Like other market-priced apartments, Lilia won’t come cheap: a 431-square-foot studio will start at around $2,875 per month, while the most expensive, 1,994-square-foot, three-bedroom, three-bedroom penthouse apartment bathrooms, will go for $11,400 per month.

The building’s location near the beach in the heart of Waikiki is a major selling point, Hui said.

Brookfield also sells convenience. Tenants looking for accommodation will be able to deal with a single company managing multiple units instead of dealing with multiple family landlords, he noted. Additionally, for those who rent, a Brookfield representative will be on hand to sort out any issues, he said. Finally, he says, there’s a tenant downstairs, longtime Waikiki grocer, Food Pantry.

The grocer offers more than convenience, Hui said; it also helps the project run financially.

“Without that retail component, it would be very different,” he said.

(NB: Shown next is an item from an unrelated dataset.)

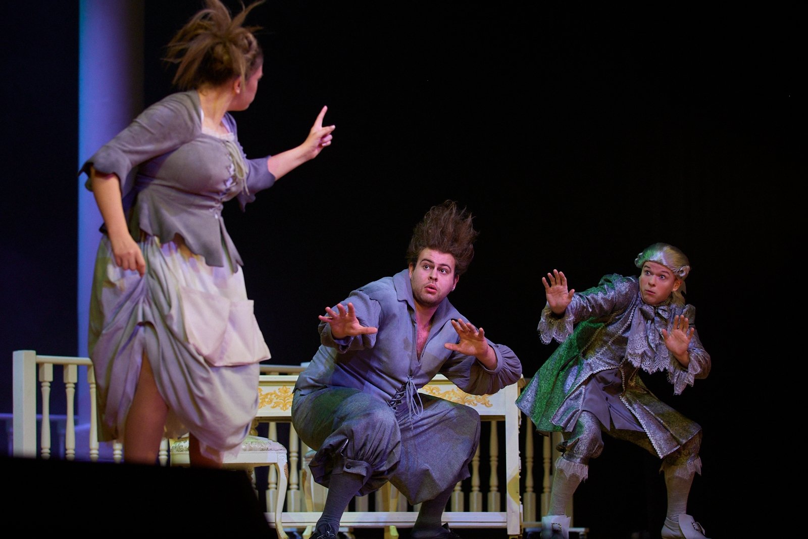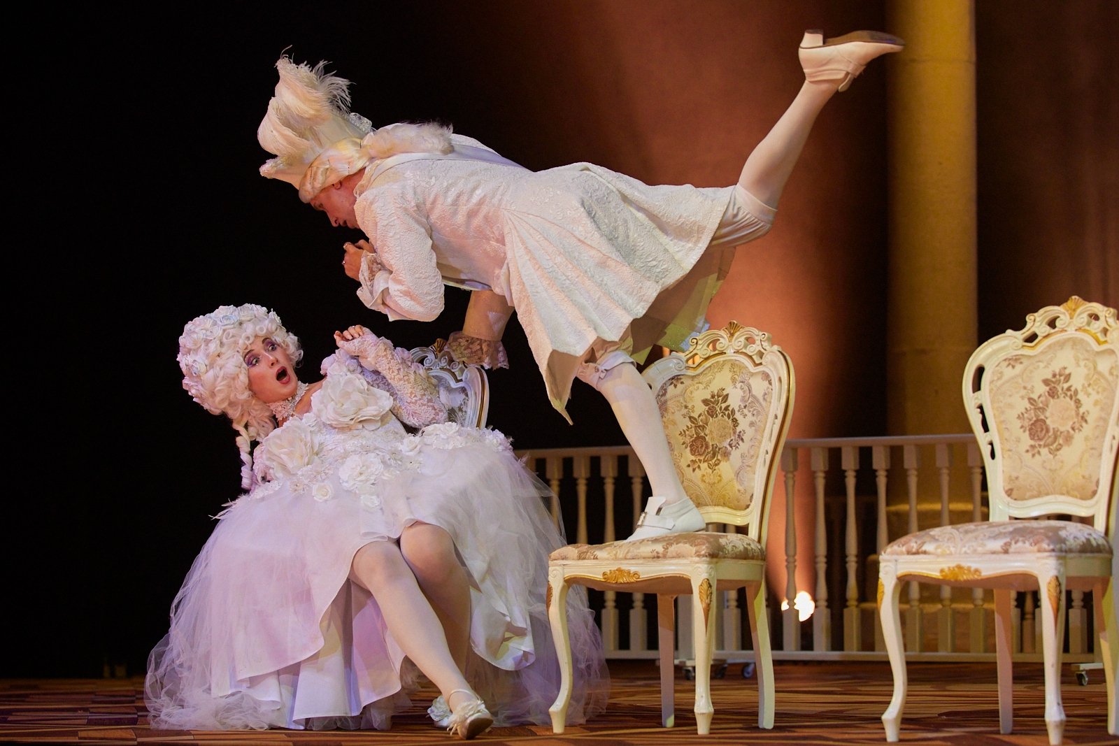 Первые премьерные показы спектакля "Любовь и плутовство" (16+) по бессмертной комедии Ж.-Б. Мольера "Мещанин во дворянстве" (16+) прошли в Приморском академическом драматическом театре имени М. Горького в конце прошлой недели. Режиссер-постановщик — Вадим Данцигер, художник-постановщик — Анна Сарапанова, музыкальный руководитель — Тамара Данцигер-Дельсаль, режиссер по пластике — Ярослав Францев, художник по свету — Павел Куделькин. В спектакле заняты: Заслуженный артист России Евгений Вейгель (господин Журден), Ирина Кулешова (госпожа Журден), Мария Федюченко и Дарья Лаптева (Люсиль), Михаил Чистяков (Клеонт), Валерия Запорожец (Доримена), Валентин Запорожец (Дорант), Александра Площинская (Николь), Алексей Чихунов (Ковьель), Сергей Гончаров (учитель музыки), Александр Темнов (учитель танцев), Иван Перепелкин (портной, дервиш), Никита Бекер (слуга, турок), Евгений Сидоров, Жанна Стрелкова и Полина Смагина (хор учеников учителя музыки, турки).

If Lilia doesn’t make it, Brookfield can’t go the way of 7000 Hawaii Kai and convert to condos. This is because the owner of the property is Queen Emma Land Co., the real estate arm of The Queen’s Health System, founded by Queen Emma and King Kamehameha IV. Brookfield leases the land from Queen Emma, ​​and under her lease Brookfield cannot convert the apartments to condos, Hui said.

But, Hui added, “Even without a land lease, we’re here to build rentals.”

And that includes those that are affordable. Located in a cluster of low-rise buildings across from the Lilia Tower, the 53 units, known as the Kanekapolei Collection, have all been rented out, Hui said.

Costing around $1,400 a month for one bedroom or $1,850 for a two-bedroom, they are intended for households earning no more than 80% of the median income of the areawhich for one person is no more than $67,680 and $77,360 for two.

When the Ala Moana apartment project is completed, Brookfield, which manages $690 billion in assets worldwidewill have 1,035 apartments for rent in Honolulu, including 211 for households earning less than the median.

Hui, a veteran developer whose previous projects include Pacifica and Symphony at Ala Moana, said the company is committed to providing low-cost rentals. Lilia’s affordable rentals will stay that way for 30 years, he said, while units in the Ala Moana Tower will rent below market rate for 45 years.

Still, while there is clearly a need for cheaper rentals, the question for Brookfield is whether there are hundreds of people who want expensive rentals in Waikiki and Kakaako.

“The answer,” Hui said, “obviously is that we hope so.”

Struggling to get by» is part of our series on «Hawaii’s Changing Economywhich is supported by a grant from the Hawaii Community Foundation as part of its CHANGE Framework project.